Altman Expects a ‘Fast Take-off’, ‘Super-Agent’ Debuting Soon and DeepSeek R1 Out

00:00:00.000 | Progress in AI is increasingly hidden behind closed doors,

00:00:04.100 | but not all of those doors are locked.

00:00:06.840 | So let's piece together what we do know.

00:00:09.720 | We know, for example, that OpenAI

00:00:11.720 | are targeting particular AI agent benchmarks,

00:00:15.120 | and I'll give you the highlights of two papers

00:00:17.920 | to showcase what that might mean.

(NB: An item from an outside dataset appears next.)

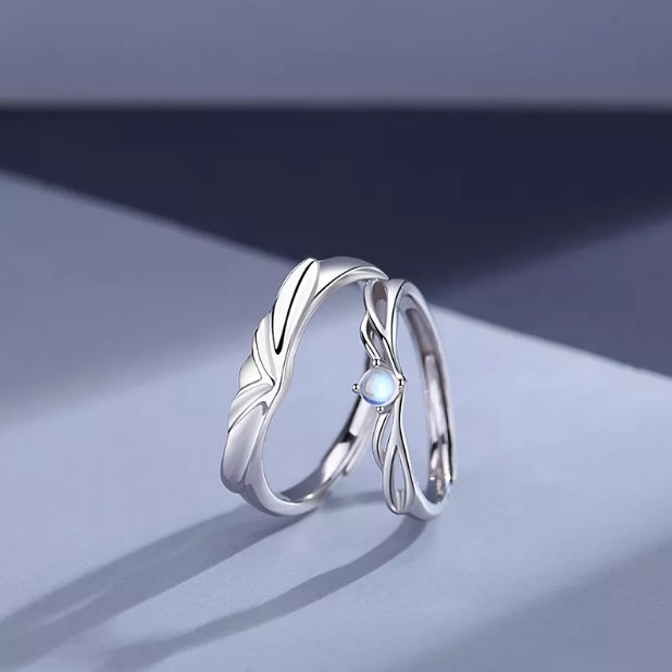 Inelele cuplu argint 925 angel wing sunt un excelent cadou pentru ocazii speciale intre indragostiti si este placat cu platina pentru o stralucire indelungata. Inelul pentru doamne are în centrul său o piatră a lunii. Această piatră, cunoscută și sub denumirea de opal de lună, are o culoare lăptoasă și un joc subtil de culori, adăugând o notă de mister și romantism bijuteriei.

00:00:19.960 | And no, this is not a video

00:00:22.080 | on that new Chachapiti task feature,

00:00:24.480 | which I tried to find interesting, but I just couldn't.

00:00:27.120 | Meanwhile, though, Sam Altman markedly changes gear

00:00:30.400 | on takeoff speeds,

00:00:31.880 | in other words, how fast superintelligence is coming,

00:00:34.880 | while telling the hype bros to chill.

00:00:37.880 | But DeepSeek, based in China,

00:00:39.840 | proves that open-source models aren't that far behind

00:00:43.640 | with their new R1 model.

00:00:45.320 | So whatever Western Labs cook up

00:00:47.280 | could well be served to all in short order.

00:00:50.500 | Whether any of this, honestly,

00:00:52.160 | affects your work directly this year

00:00:54.640 | will more depend on how digital your work is

00:00:57.760 | and how quantifiable or benchmarkable it is.

00:01:01.760 | That, to be honest, will give you the best gauge

00:01:04.540 | of what 2025 will mean for you with AI.

00:01:07.840 | But first, I want to give you some numbers,

00:01:10.520 | and I don't just mean the cost of O3 when it is released,

00:01:15.280 | which apparently will be still $200 on the pro tier.

00:01:19.600 | Given that they are already losing money with O1 Pro,

00:01:23.000 | it does kind of make you wonder about the economics

00:01:25.520 | of serving out O3 Pro for $200 a month,

00:01:28.800 | but let's see what happens.

00:01:29.840 | No, I more mean the numbers behind the operator system

00:01:33.960 | that OpenAI looks set to be releasing quite soon.

00:01:37.360 | We can already glimpse options to toggle on

00:01:40.340 | the computer use agent or operator,

00:01:43.000 | or force it to quit and stop.

00:01:45.080 | I'll get to the two relevant papers in a moment,

00:01:47.160 | but at face value,

00:01:48.640 | if the O series has proven anything from OpenAI,

00:01:51.740 | it's proven that it can rapidly improve

00:01:54.000 | in any domain that can be benchmarked.

00:01:55.960 | So is that why yesterday we got this headline in Axios,

00:02:00.320 | "Coming soon, PhD level super agents."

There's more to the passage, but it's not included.